Performance is a major part of today’s everyday lives. It can take many shapes and forms; but for the purpose of this discussion, I’ll stick to social media performances. Scrolling through social media sites, you are bound to come across videos and photographs of queer and non-queer individuals performing for the camera. The selfie culture has contributed greatly to different variations of performativity, from thirst trapping to showcasing fine art. Maroodi’s Instagram images and videos, amongst others, have caught my attention and led me to think more about how individuals use cultural tropes to reinsert their existence within communities that might otherwise banish them for their gender and sexuality. 

Photos of Maroodi in various forms of traditional to modern Somali attire
Figure 1. Maroodi (@maroodi_), Photos of Maroodi in various forms of traditional to modern Somali attire, Instagram, 2020.
Image description: Four screenshots of Maroodi’s Instagram, including captions and comments, show Maroodi in different clothing and poses. First, Maroodi is wearing a flowing white garment that is wrapped and tied around their waist. Their arms are exposed. They are wearing a headpiece and looking towards a framed photograph that is hung on a wall. Next, a selfie of Maroodi positioned in front of a brick wall, wearing a blue headscarf with matching eyeshadow. Their gaze is sultry. Floating in the background is a Somali emoji flag, blue with a single star in the centre. Third, Maroodi is pictured performing “Somalinimo”. They are wearing traditional Somali garments. They are seated with one arm resting on their leg, their fingers splayed over their chest, elegantly.

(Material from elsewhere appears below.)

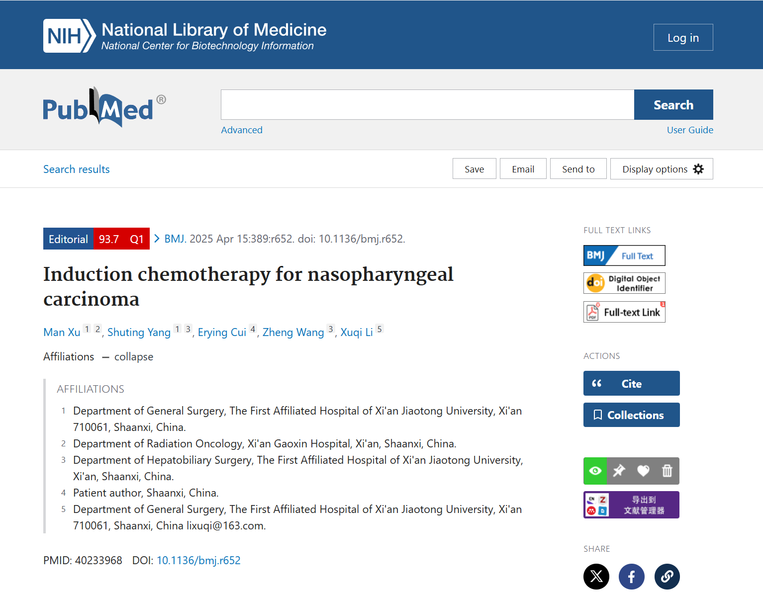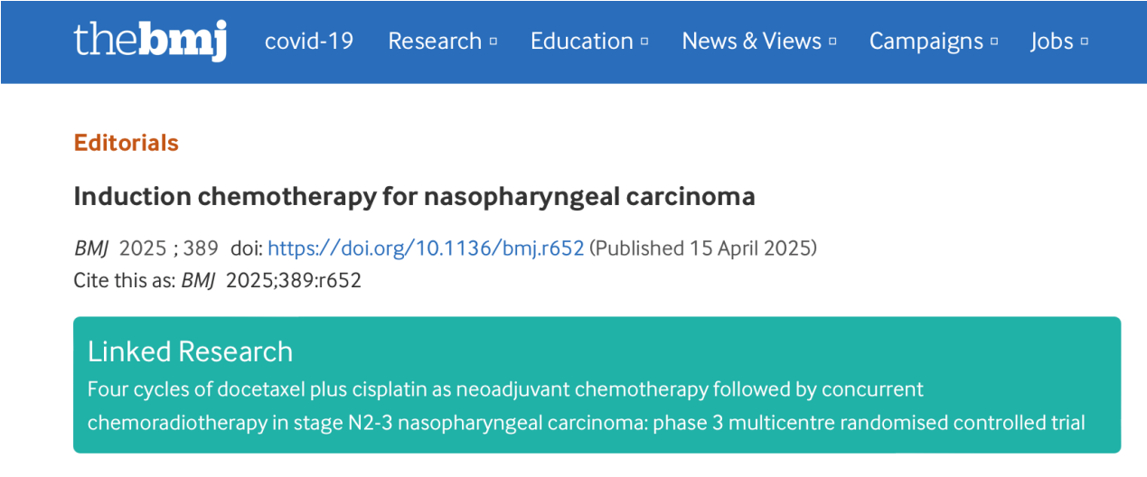 4月15日,一附院普通外科李徐奇团队在国际顶级医学期刊《英国医学杂志》(The BMJ,影响因子93.6),发表题为《鼻咽癌诱导化疗:局部晚期疾病的新治疗选择》(Induction chemotherapy for nasopharyngeal carcinoma A new treatment option for locally advanced disease)的学术社论文章(Editorial 类型)。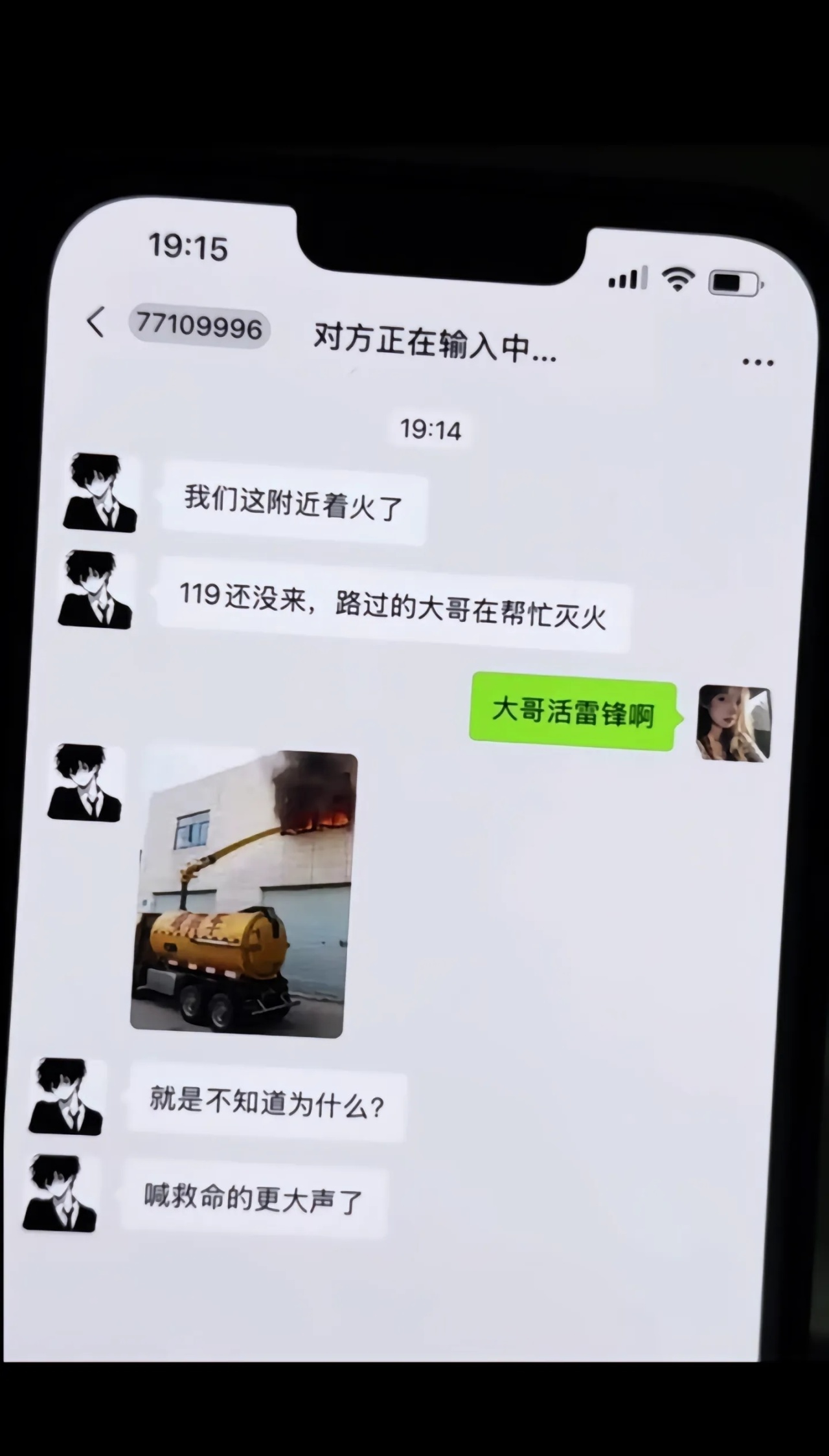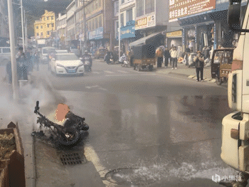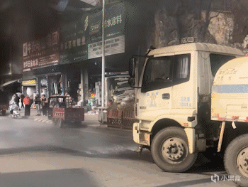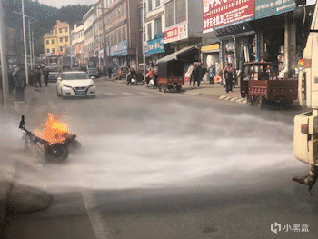正当大家手足无措不知道该怎么办的时候,旁边一辆洒水车放着音乐就开了过来,只见洒水车司机调整了一下车头位置,就开始喷水,期间隔壁商铺的小伙子还拿着一桶水准备上前救火。

Last, Maroodi is resting their head on their hands, wearing a flowy organza top, with several bangles on both wrists. Their hair is short and bleached, their gaze direct and peaceful.

In these images, Maroodi is clearly letting the viewer know of their cultural heritage by performing what Somalis refer to as “Somalinimo,” or the essence of being Somali. The Instagram screenshots of Maroodi also demonstrate the ways in which gender and sexuality are performed. Maroodi performs the oppositions of cultural heritage and their contemporary self to demonstrate different kinds of gender performance, and demonstrates how each kind of gender performance is also culturally produced and references historical cultural practices. 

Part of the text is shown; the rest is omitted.